[Dataset excerpt]
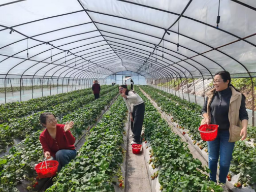 下午14时许,大家抵达位于巴南区南彭街道的草莓基地。踏入温暖的草莓大棚,清新果香扑面而来,一垄垄翠绿的植株间,鲜红饱满的草莓点缀其间,煞是喜人。在听取工作人员关于采摘技巧和注意事项的简要介绍后,大家便提着小篮兴致勃勃地投入田园怀抱。她们一边弯腰采摘,一边交流心得,欢声笑语在田垄间流淌。经过一小时的快乐劳作,每个人都收获了满满一篮的“甜蜜果实”。
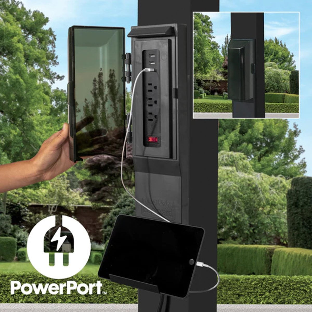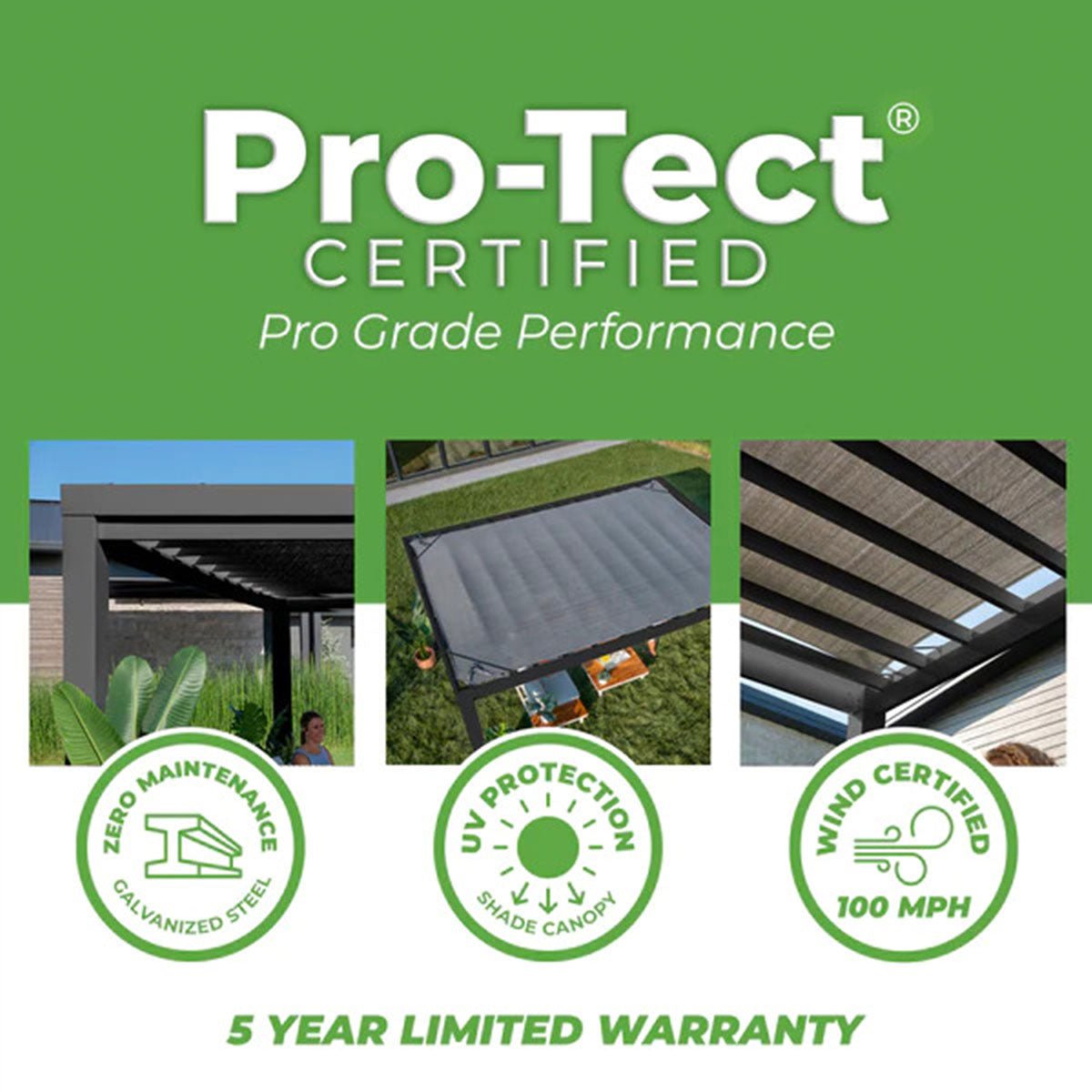 The Trenton Steel Pergola 14ft x 10ft is Backyard Discovery’s solution to all weather, all season functionality and beauty in a Stylish Black Finish. Our powder coated, galvanized steel construction makes the Trenton pergola maintenance free and rust resistant while offering protection against chipping, scratching, corrosion, and UV harm. With an integrated full shade canopy included; The Trenton Pergola is a minimalist designed outdoor structure design with modern, durable steel composition. The exclusive PowerPort™ has 3 USB ports and 3 electrical outlets to use for powering outdoor lights and electronics as well as charging your devices.
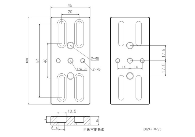 Weiters sind ein zentrales 1/4 Zoll Gewinde, sowie quer 2x M5 vorhanden, Länge der Platte 100mm, Dicke 10mm.

[What is required]
What is needed is the whole listing again, exactly as written, with the images left out.

[Exercise output]
 下午14时许,大家抵达位于巴南区南彭街道的草莓基地。踏入温暖的草莓大棚,清新果香扑面而来,一垄垄翠绿的植株间,鲜红饱满的草莓点缀其间,煞是喜人。在听取工作人员关于采摘技巧和注意事项的简要介绍后,大家便提着小篮兴致勃勃地投入田园怀抱。她们一边弯腰采摘,一边交流心得,欢声笑语在田垄间流淌。经过一小时的快乐劳作,每个人都收获了满满一篮的“甜蜜果实”。
 The Trenton Steel Pergola 14ft x 10ft is Backyard Discovery’s solution to all weather, all season functionality and beauty in a Stylish Black Finish. Our powder coated, galvanized steel construction makes the Trenton pergola maintenance free and rust resistant while offering protection against chipping, scratching, corrosion, and UV harm. With an integrated full shade canopy included; The Trenton Pergola is a minimalist designed outdoor structure design with modern, durable steel composition. The exclusive PowerPort™ has 3 USB ports and 3 electrical outlets to use for powering outdoor lights and electronics as well as charging your devices.
 Weiters sind ein zentrales 1/4 Zoll Gewinde, sowie quer 2x M5 vorhanden, Länge der Platte 100mm, Dicke 10mm.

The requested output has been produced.